▶ **Exercise data**
━━━━━━━━━━━━━━━━
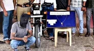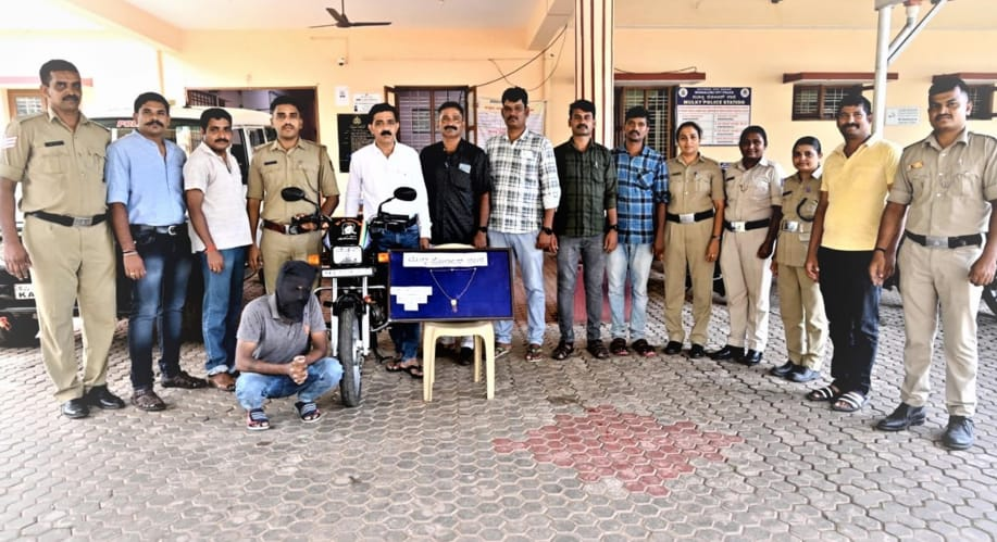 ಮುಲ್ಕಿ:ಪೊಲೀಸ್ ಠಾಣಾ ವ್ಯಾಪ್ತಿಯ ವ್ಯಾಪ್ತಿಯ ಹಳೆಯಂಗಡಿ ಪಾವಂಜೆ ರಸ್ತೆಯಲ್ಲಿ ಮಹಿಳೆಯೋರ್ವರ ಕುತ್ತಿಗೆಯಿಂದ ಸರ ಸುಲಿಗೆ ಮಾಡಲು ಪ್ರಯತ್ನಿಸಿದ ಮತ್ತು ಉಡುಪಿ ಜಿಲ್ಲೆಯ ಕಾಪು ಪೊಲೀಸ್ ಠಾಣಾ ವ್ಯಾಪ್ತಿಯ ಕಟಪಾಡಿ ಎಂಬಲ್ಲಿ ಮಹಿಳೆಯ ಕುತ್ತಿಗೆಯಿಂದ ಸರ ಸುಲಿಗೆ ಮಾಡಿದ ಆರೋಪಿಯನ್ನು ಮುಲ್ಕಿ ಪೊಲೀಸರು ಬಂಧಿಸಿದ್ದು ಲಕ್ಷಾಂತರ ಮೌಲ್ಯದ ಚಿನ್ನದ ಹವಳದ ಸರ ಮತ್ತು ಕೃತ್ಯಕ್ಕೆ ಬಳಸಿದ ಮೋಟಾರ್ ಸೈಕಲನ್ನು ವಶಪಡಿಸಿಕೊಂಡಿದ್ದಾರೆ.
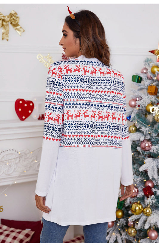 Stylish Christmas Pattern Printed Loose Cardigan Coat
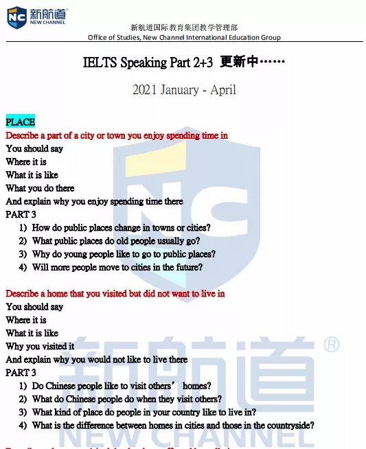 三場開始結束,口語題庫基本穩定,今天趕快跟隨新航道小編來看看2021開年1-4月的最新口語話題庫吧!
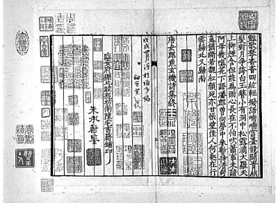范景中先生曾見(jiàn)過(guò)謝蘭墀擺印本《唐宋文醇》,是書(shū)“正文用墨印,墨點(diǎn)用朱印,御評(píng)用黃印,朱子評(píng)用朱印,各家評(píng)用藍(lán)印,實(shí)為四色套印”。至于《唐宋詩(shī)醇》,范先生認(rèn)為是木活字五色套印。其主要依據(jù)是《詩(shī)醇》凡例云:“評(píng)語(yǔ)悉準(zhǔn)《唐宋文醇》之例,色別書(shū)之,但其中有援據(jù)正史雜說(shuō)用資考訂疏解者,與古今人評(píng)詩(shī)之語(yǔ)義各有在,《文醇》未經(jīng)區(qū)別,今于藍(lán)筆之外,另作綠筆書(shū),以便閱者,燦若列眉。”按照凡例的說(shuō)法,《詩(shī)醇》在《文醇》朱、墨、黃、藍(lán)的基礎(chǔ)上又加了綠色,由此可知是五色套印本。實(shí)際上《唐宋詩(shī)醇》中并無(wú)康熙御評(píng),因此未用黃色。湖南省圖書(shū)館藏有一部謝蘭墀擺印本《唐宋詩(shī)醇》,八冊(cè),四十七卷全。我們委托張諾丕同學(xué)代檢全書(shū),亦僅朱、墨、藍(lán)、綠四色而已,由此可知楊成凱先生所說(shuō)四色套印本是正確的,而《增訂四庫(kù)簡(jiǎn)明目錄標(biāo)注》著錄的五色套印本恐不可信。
━━━━━━━━━━━━━━━━
▶ **What you have to do**
Drop the pictures and reproduce the rest of the data above exactly.

▶ **Response to this task**
 ಮುಲ್ಕಿ:ಪೊಲೀಸ್ ಠಾಣಾ ವ್ಯಾಪ್ತಿಯ ವ್ಯಾಪ್ತಿಯ ಹಳೆಯಂಗಡಿ ಪಾವಂಜೆ ರಸ್ತೆಯಲ್ಲಿ ಮಹಿಳೆಯೋರ್ವರ ಕುತ್ತಿಗೆಯಿಂದ ಸರ ಸುಲಿಗೆ ಮಾಡಲು ಪ್ರಯತ್ನಿಸಿದ ಮತ್ತು ಉಡುಪಿ ಜಿಲ್ಲೆಯ ಕಾಪು ಪೊಲೀಸ್ ಠಾಣಾ ವ್ಯಾಪ್ತಿಯ ಕಟಪಾಡಿ ಎಂಬಲ್ಲಿ ಮಹಿಳೆಯ ಕುತ್ತಿಗೆಯಿಂದ ಸರ ಸುಲಿಗೆ ಮಾಡಿದ ಆರೋಪಿಯನ್ನು ಮುಲ್ಕಿ ಪೊಲೀಸರು ಬಂಧಿಸಿದ್ದು ಲಕ್ಷಾಂತರ ಮೌಲ್ಯದ ಚಿನ್ನದ ಹವಳದ ಸರ ಮತ್ತು ಕೃತ್ಯಕ್ಕೆ ಬಳಸಿದ ಮೋಟಾರ್ ಸೈಕಲನ್ನು ವಶಪಡಿಸಿಕೊಂಡಿದ್ದಾರೆ.
 Stylish Christmas Pattern Printed Loose Cardigan Coat
 三場開始結束,口語題庫基本穩定,今天趕快跟隨新航道小編來看看2021開年1-4月的最新口語話題庫吧!
范景中先生曾見(jiàn)過(guò)謝蘭墀擺印本《唐宋文醇》,是書(shū)“正文用墨印,墨點(diǎn)用朱印,御評(píng)用黃印,朱子評(píng)用朱印,各家評(píng)用藍(lán)印,實(shí)為四色套印”。至于《唐宋詩(shī)醇》,范先生認(rèn)為是木活字五色套印。其主要依據(jù)是《詩(shī)醇》凡例云:“評(píng)語(yǔ)悉準(zhǔn)《唐宋文醇》之例,色別書(shū)之,但其中有援據(jù)正史雜說(shuō)用資考訂疏解者,與古今人評(píng)詩(shī)之語(yǔ)義各有在,《文醇》未經(jīng)區(qū)別,今于藍(lán)筆之外,另作綠筆書(shū),以便閱者,燦若列眉。”按照凡例的說(shuō)法,《詩(shī)醇》在《文醇》朱、墨、黃、藍(lán)的基礎(chǔ)上又加了綠色,由此可知是五色套印本。實(shí)際上《唐宋詩(shī)醇》中并無(wú)康熙御評(píng),因此未用黃色。湖南省圖書(shū)館藏有一部謝蘭墀擺印本《唐宋詩(shī)醇》,八冊(cè),四十七卷全。我們委托張諾丕同學(xué)代檢全書(shū),亦僅朱、墨、藍(lán)、綠四色而已,由此可知楊成凱先生所說(shuō)四色套印本是正確的,而《增訂四庫(kù)簡(jiǎn)明目錄標(biāo)注》著錄的五色套印本恐不可信。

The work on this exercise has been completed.